MEET JESS AND KARINA OF DATAMINDS


June 22, 2018 by Penny Ivison, Content Producer @ CLG

Code Like a Girl recently met up with the two founders and data scientists of DataMinds, Jessica Hill and Karina Samsonova. Armed with their finance, analytics, and data science background, they launched DataMinds in 2016. We chatted to Jess and Karina's about the start of the company, automation, and how AI could help more businesses understand and apply data. 

Jess and Karina met at a marketing agency in the data science team when Jess was Karina’s boss. Karina had a finance background but joined a marketing company to move into analytics. Jess had worked her way up from an analyst role to data scientist at the same organisation. Together they were responsible for all of the reporting and analytics and data mining that was informing marketing decisions.

Jess’s intrapreneurial streak led to the team incorporating the data of the business as a whole and they grew into the data science department.

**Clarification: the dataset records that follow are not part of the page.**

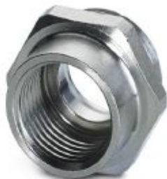
Housing screw connection with M12 standard thread, with O-ring, for 2-piece K, L, and M-coded THR contact carriers

Please be informed that the data shown in this PDF Document is generated from our Online Catalog. Please find the complete data in the user's documentation. Our General Terms of Use for Downloads are valid ( http://phoenixcontact.com/download )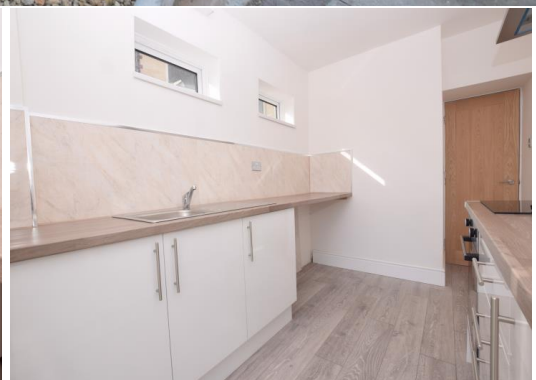
Viewing Advised No Onward Chain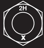
A 194 Grade-2H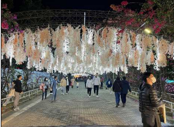
Left: The Kagoshima Booth / Right: Illuminations at the venue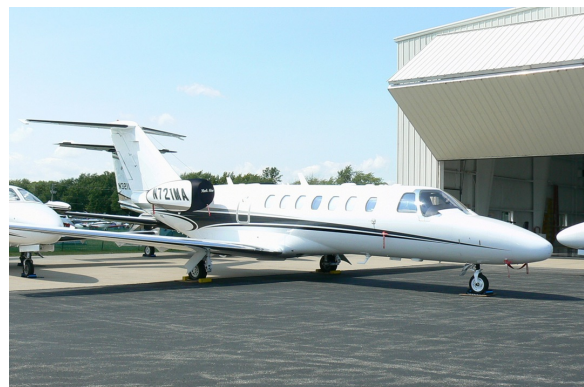
Cessna Citation CJ3 Bikini Style Engine Covers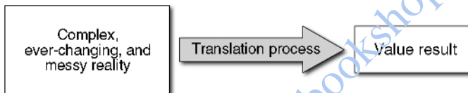
FIGURE 1.1 The Foundation of Valuation Assessments Is a Translation Exercise

How should value be determined? There are an almost infinite variety of possibilities; some are logical and reasonable, some not. No matter what method is used to measure value, however, the foundation of each valuation assessment is a translation exercise (see Figure 1.1). The valuation process takes a complex, ever-changing, and messy reality and translates it into a simplified, numerical measurement (see Box 1.2) or value result. In the case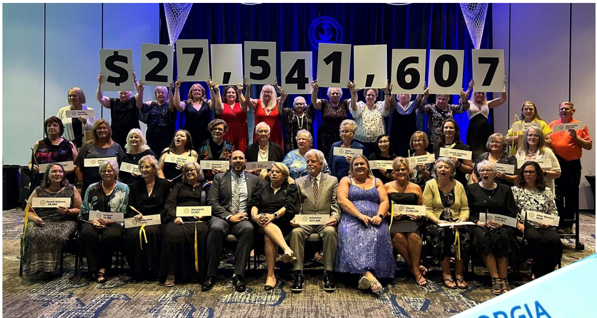
St Jude 2025 ESA International Donation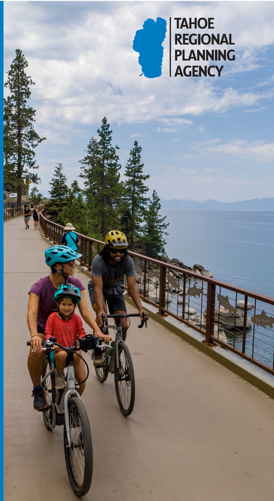
A family enjoys the Tahoe East Shore Trail.

Dear Lake Tahoe Community, Governing Board and APC Members, and Stakeholders: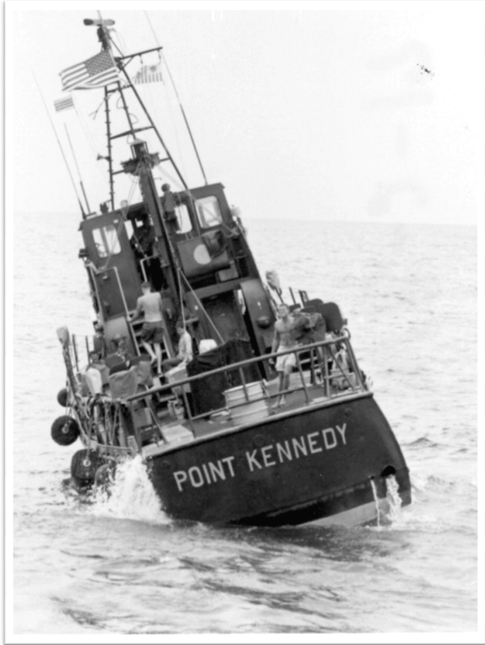
Point Kennedy demonstrates a WPB's stability in relatively calm seas.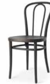
VIENNA Gemla Archives, 1907. One of our customers true favorites. A neat comfortable chair, made to last for generations.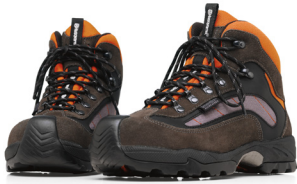
PROTECTIVE BOOTS TECHNICAL 575 35 47-45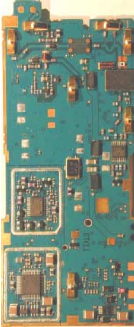
RF BOARD, less shields (BOTTOM VIEW)

They automated everything until it got to the point where they had done all of the fun stuff...

Jessica: We had set up the algorithms and really great ways of automatically getting the data we need. We thought: why not replicate this for other businesses? We kept meeting people whose ears would prick up when we said we were data scientists and would say that they really needed those skills in their company. We realised we were in the right place at the right time to do this, so we launched DataMinds.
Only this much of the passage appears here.